[Records from a collection]

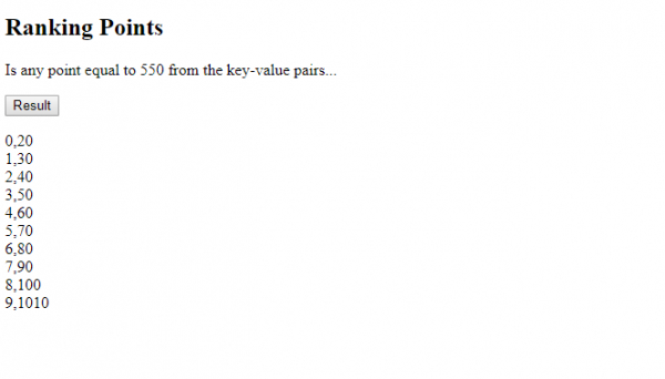 <p>Is any point equal to 550 from the key-value pairs...</p>
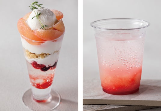 ・<左>鏡石町産桃とヨーグルトアイスのさっぱりパフェ … 各880円(税込)
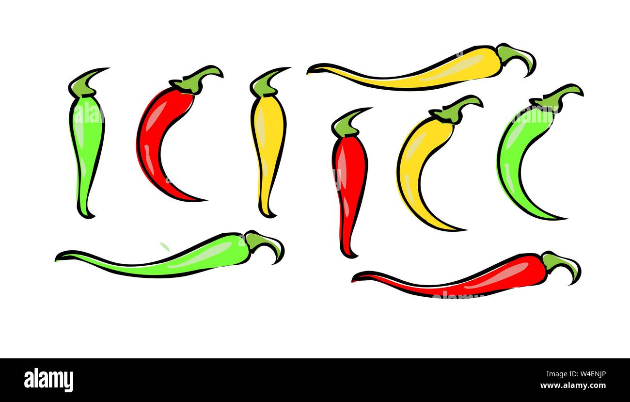 Tag : Mexican Jalapeno Hot Chili Pepper Vector Icon On White Background Colors Hot Chili Peppers Set
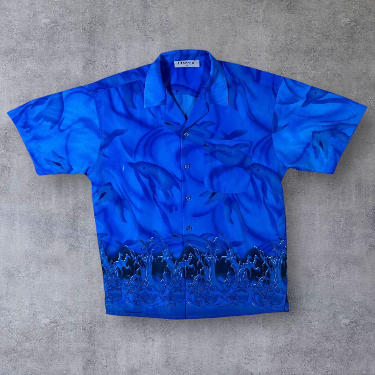 Early 00's Identic Y2K Surfer Dolphin Waves Ocean Graphic Blue Polyester Shirt
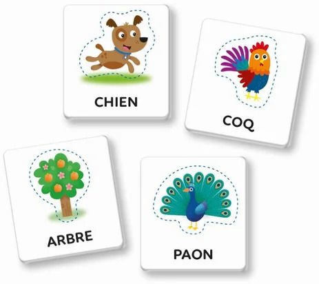 Un puzzle coloré composé de grandes pièces pour faire découvrir l'univers de la ferme aux tout-petits. En plus des grandes pièces à encastrer, le puzzle contient également des silhouettes d'animaux de la ferme à placer dans le bon environnement. Ces mêmes animaux peuvent être placés par-dessus les silhouettes imprimées sur les cartes nomenclature , qui indiquent leur nom. Les silhouettes d’animaux ont également une surface en relief qui invite l’enfant à l’exploration tactile. L’enfant peut ainsi, dès son plus jeune âge, développer ses capacités manuelles et son langage.
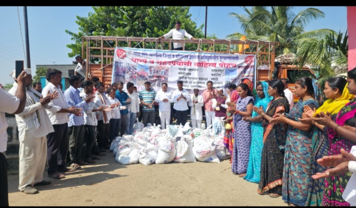 कळंब – तालुक्यात ऑगस्ट महिन्यापासून सुरू असलेल्या अतिवृष्टीमुळे शेतकऱ्यांचे पिके तसेच काही गावांमध्ये घरात पाणी शिरून अन्नधान्यासह संसारोपयोगी वस्तूंचाही मोठा नुकसान झाला.या परिस्थितीवर दखल घेत गेल्या पंधरा दिवसांपूर्वी जाफराबादकरांनी सामाजिक कार्यकर्ते प्रभू गाढे,ग्रामसेवक लोखंडे,प्रा.वायाळ आणि विठ्ठल नाखोड यांच्या सहकार्याने ४५ क्विंटल धान्य व संसारोपयोगी साहित्य पाठवून मदत केली होती. पुढील पावसामुळे पुनःनुकसान झाल्याने विठ्ठल माने व पत्रकार परमेश्वर पालकर यांनी भोकरदन येथील लोकजागर सामाजिक संस्थेचे संस्थापक अध्यक्ष केशव पाटील जंजाळ यांच्याशी संपर्क साधला. त्यानंतर मंगळवारी सकाळी आठशे किट घेऊन कळंब तालुक्यात मदत पोहोचवण्यात आली. या किटमध्ये गहू, तांदूळ, डाळी, तेल,रवा,साखर,ताट,तांब्या, साडी, ब्लँकेट इत्यादी जीवनावश्यक वस्तूंचा समावेश होता. हे किट एकूरगा, जवळा, पिंपळगाव (को), भोगजी, आडसूळवाडी, ईटकूर, गंभीरवाडी, बोरगाव (ध) या गावांमध्ये नुकसानग्रस्तांना वाटप करण्यात आले. वाटप कार्यात लोकजागर संस्थेचे अध्यक्ष केशव पाटील जंजाळ, जाफराबादचे सामाजिक कार्यकर्ते प्रभू गाढे,गजानन फड,सचिन तेलंगरे,आदित्य सोनी,गौरव कुदर, साहेबराव गावंडे,भागवत कानडजे,नारायण जाधव,रामदास गाढे,राजू भवर,फकीरबा उबाळे, अशोक इचचे,दगडूबा सुसर,हसन चाऊस,चाऊस अली,भगवान महाराज इचचे हे शेतकरी बांधव उपस्थित होते. हे किट गरजू पर्यंत पोहचवण्यासाठी राष्ट्रवादी उद्योग आघाडीचे जिल्हाध्यक्ष विठ्ठल माने, अखिल भारतीय मराठी साहित्य परिषदेचे मराठवाडा अध्यक्ष परमेश्वर पालकर, अभयसिंह आडसुळ,शिवाजी पाटील,धनंजय घोगरे,रामेश्वर जाधवर,रोहित आडसुळ यांच्याही सहकार्याने मदत केली गेली. नुकसानग्रस्तांनी भोकरदन आणि जाफराबादकरांचे मनःपूर्वक आभार मानले.
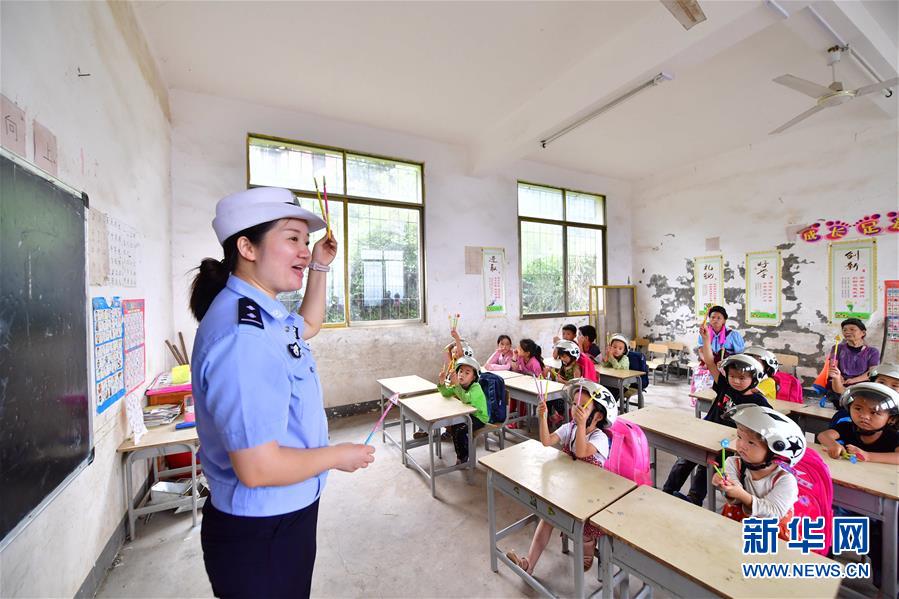 7月11日,柳州市交警支隊(duì)民警給小朋友們上交通安全知識(shí)課。當(dāng)日,廣西柳州市交警支隊(duì)的民警來到融水苗族自治縣大浪鎮(zhèn)大新村紅鄧屯教學(xué)點(diǎn),開展暑期交通安全教育活動(dòng),增強(qiáng)孩子們的安全出行意識(shí)。新華社記者黃孝邦攝
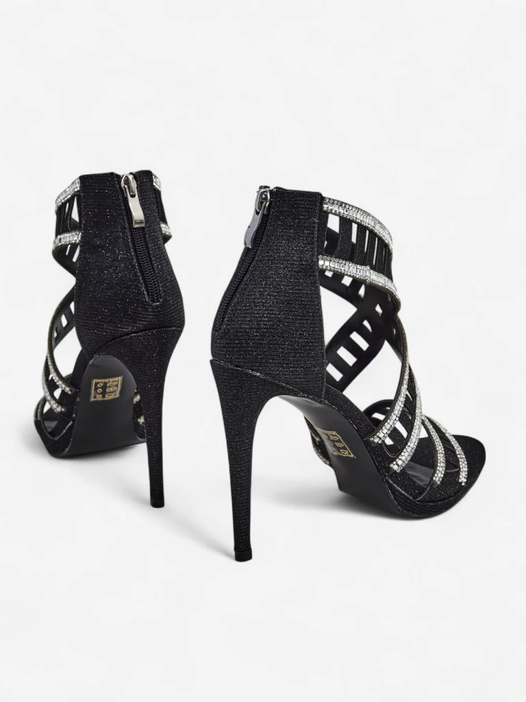 - Sandali na peto izdelani iz eko usnja, blaga in vložka iz eko usnja. Zgornji del je sestavljen iz okrasnih trakov in cirkonov. Kombinacija stila in udobja. Peta doda subtilno eleganco, zadrga pa olajša obuvanje. Popolne za večer!

Task to carry out:
A verbatim copy of every record is to be produced, and pictures are to be excluded from it.

Reply:
 <p>Is any point equal to 550 from the key-value pairs...</p>
 ・<左>鏡石町産桃とヨーグルトアイスのさっぱりパフェ … 各880円(税込)
 Tag : Mexican Jalapeno Hot Chili Pepper Vector Icon On White Background Colors Hot Chili Peppers Set
 Early 00's Identic Y2K Surfer Dolphin Waves Ocean Graphic Blue Polyester Shirt
 Un puzzle coloré composé de grandes pièces pour faire découvrir l'univers de la ferme aux tout-petits. En plus des grandes pièces à encastrer, le puzzle contient également des silhouettes d'animaux de la ferme à placer dans le bon environnement. Ces mêmes animaux peuvent être placés par-dessus les silhouettes imprimées sur les cartes nomenclature , qui indiquent leur nom. Les silhouettes d’animaux ont également une surface en relief qui invite l’enfant à l’exploration tactile. L’enfant peut ainsi, dès son plus jeune âge, développer ses capacités manuelles et son langage.
 कळंब – तालुक्यात ऑगस्ट महिन्यापासून सुरू असलेल्या अतिवृष्टीमुळे शेतकऱ्यांचे पिके तसेच काही गावांमध्ये घरात पाणी शिरून अन्नधान्यासह संसारोपयोगी वस्तूंचाही मोठा नुकसान झाला.या परिस्थितीवर दखल घेत गेल्या पंधरा दिवसांपूर्वी जाफराबादकरांनी सामाजिक कार्यकर्ते प्रभू गाढे,ग्रामसेवक लोखंडे,प्रा.वायाळ आणि विठ्ठल नाखोड यांच्या सहकार्याने ४५ क्विंटल धान्य व संसारोपयोगी साहित्य पाठवून मदत केली होती. पुढील पावसामुळे पुनःनुकसान झाल्याने विठ्ठल माने व पत्रकार परमेश्वर पालकर यांनी भोकरदन येथील लोकजागर सामाजिक संस्थेचे संस्थापक अध्यक्ष केशव पाटील जंजाळ यांच्याशी संपर्क साधला. त्यानंतर मंगळवारी सकाळी आठशे किट घेऊन कळंब तालुक्यात मदत पोहोचवण्यात आली. या किटमध्ये गहू, तांदूळ, डाळी, तेल,रवा,साखर,ताट,तांब्या, साडी, ब्लँकेट इत्यादी जीवनावश्यक वस्तूंचा समावेश होता. हे किट एकूरगा, जवळा, पिंपळगाव (को), भोगजी, आडसूळवाडी, ईटकूर, गंभीरवाडी, बोरगाव (ध) या गावांमध्ये नुकसानग्रस्तांना वाटप करण्यात आले. वाटप कार्यात लोकजागर संस्थेचे अध्यक्ष केशव पाटील जंजाळ, जाफराबादचे सामाजिक कार्यकर्ते प्रभू गाढे,गजानन फड,सचिन तेलंगरे,आदित्य सोनी,गौरव कुदर, साहेबराव गावंडे,भागवत कानडजे,नारायण जाधव,रामदास गाढे,राजू भवर,फकीरबा उबाळे, अशोक इचचे,दगडूबा सुसर,हसन चाऊस,चाऊस अली,भगवान महाराज इचचे हे शेतकरी बांधव उपस्थित होते. हे किट गरजू पर्यंत पोहचवण्यासाठी राष्ट्रवादी उद्योग आघाडीचे जिल्हाध्यक्ष विठ्ठल माने, अखिल भारतीय मराठी साहित्य परिषदेचे मराठवाडा अध्यक्ष परमेश्वर पालकर, अभयसिंह आडसुळ,शिवाजी पाटील,धनंजय घोगरे,रामेश्वर जाधवर,रोहित आडसुळ यांच्याही सहकार्याने मदत केली गेली. नुकसानग्रस्तांनी भोकरदन आणि जाफराबादकरांचे मनःपूर्वक आभार मानले.
 7月11日,柳州市交警支隊(duì)民警給小朋友們上交通安全知識(shí)課。當(dāng)日,廣西柳州市交警支隊(duì)的民警來到融水苗族自治縣大浪鎮(zhèn)大新村紅鄧屯教學(xué)點(diǎn),開展暑期交通安全教育活動(dòng),增強(qiáng)孩子們的安全出行意識(shí)。新華社記者黃孝邦攝
 - Sandali na peto izdelani iz eko usnja, blaga in vložka iz eko usnja. Zgornji del je sestavljen iz okrasnih trakov in cirkonov. Kombinacija stila in udobja. Peta doda subtilno eleganco, zadrga pa olajša obuvanje. Popolne za večer!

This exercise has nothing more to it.